Color coordinates
- Hex triplet: #CC8899
- sRGB^{B} (r, g, b): (204, 136, 153)
- HSV (h, s, v): (345°, 33%, 80%)
- CIELCh_{uv} (L, C, h): (64, 43, 356°)
- Source: 99colors.net
- ISCC–NBS descriptor: Dark pink
- B: Normalized to [0–255] (byte)

= Puce =

Color

Puce is a brownish purple color. The term comes from the French couleur puce, literally meaning "flea color".

Puce became popular in the late 18th century in France. It appeared in clothing at the court of Louis XVI. The color was said to be a favourite color of Marie Antoinette; however, there are no portraits of her wearing it.

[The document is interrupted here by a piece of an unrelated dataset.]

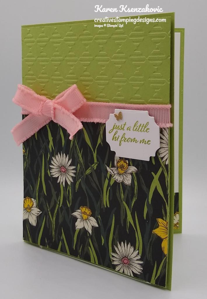 Today’s card is one that I on World Card Making Day last Saturday. This is one of the designs from Stampin’ Up!’s event and I added my own little twist. Here’s my card for today.

Puce was also a popular fashion color in 19th-century Paris. In his novel Nana, Émile Zola describes a woman "dressed in a dark gown of an equivocal color, somewhere between puce and goose shit." In Victor Hugo's Les Misérables, Mademoiselle Baptistine wears "a gown of puce-colored silk, of the fashion of 1806, which she had purchased at that date in Paris, and which had lasted ever since."

In traditional Japanese iron work, bronze and copper are given a puce hue when coated in a solution of antimony trichloride dissolved in hydrochloric acid.

==Variations of puce==

===Puce (ISCC-NBS)===

The color to the right is the color called puce in the ISCC-NBS Dictionary of Color Names (1955). Since this color has a hue code of 353, it is a slightly purplish red.

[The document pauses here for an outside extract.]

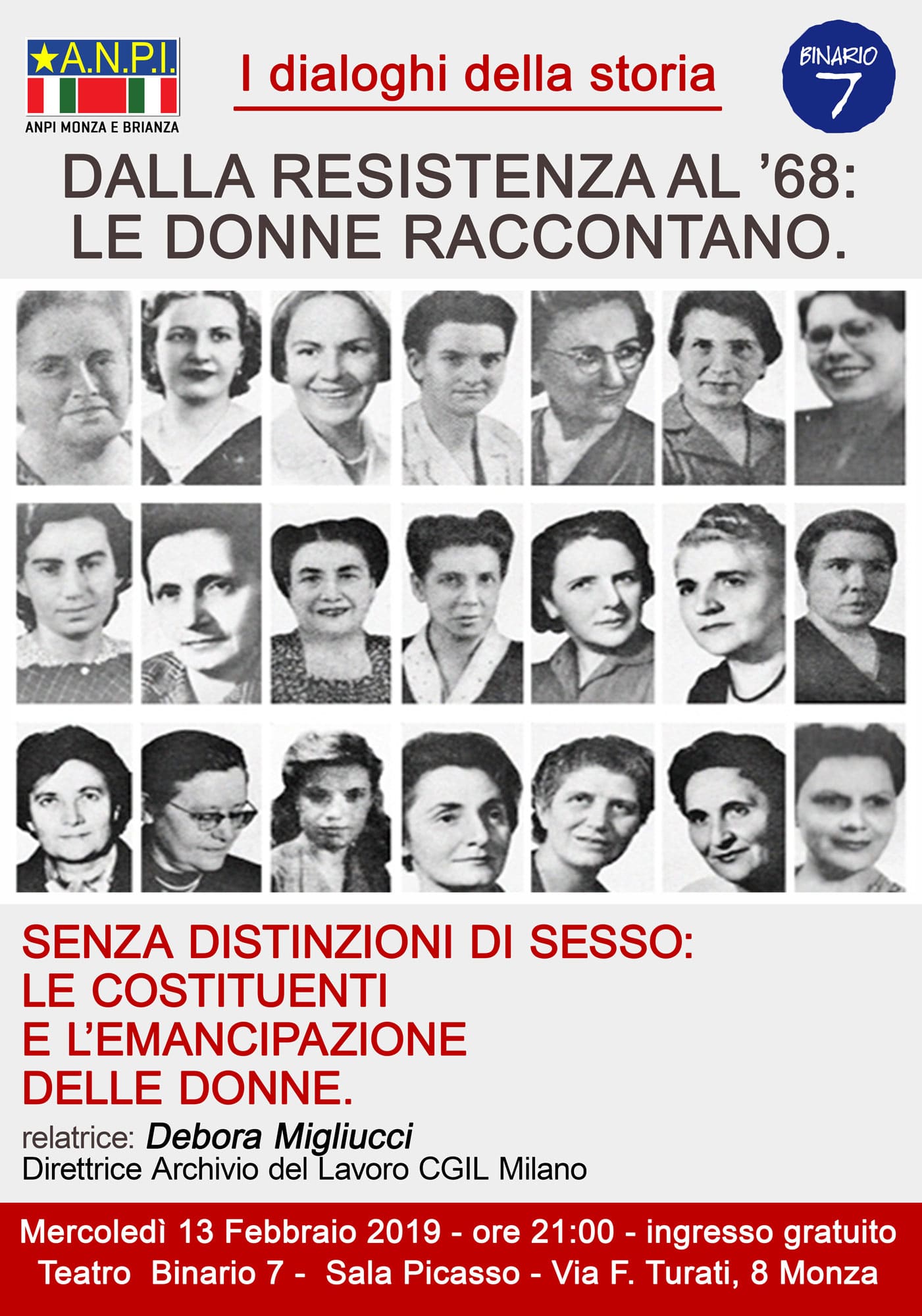 “Non dimenticare mai che una crisi politica, economica o religiosa sarà sufficiente per mettere in discussione i diritti delle donne. Questi diritti non saranno mai acquisiti. Dovrai rimanere vigile per tutta la vita”. Questa frase di Simone de Beauvoir rappresenta appieno il motivo per cui l’Anpi Monza e Brianza ha deciso di dedicare al lungo cammino, non ancora concluso, delle donne verso la parità il ciclo di quattro serate “I dialoghi della storia. Dalla Resistenza al ’68: le donne raccontano”, al Teatro binario 7 (ex luogo di tortura fascista). Pur consapevoli che quattro incontri non saranno sufficienti per raccontare tale percorso, possono però rappresentare uno spunto di riflessione.

===Puce (Maerz and Paul)===

The color box to the right shows the color called puce in the 1930 book by Maerz and Paul, A Dictionary of Color; the color puce is displayed on page 37, Plate 7, Color Sample H4.

===Puce (Pourpre color list)===

At right is the color called puce in the Pourpre.com color list, a color list widely popular in France.
This is the original puce, from which all other tones of puce ultimately derive.

===Puce (Pantone)===

The color at right is called puce in the Pantone color list.

The source of this color is the "Pantone Textile Paper eXtended (TPX)" color list, color #19-1518 TPX—Puce.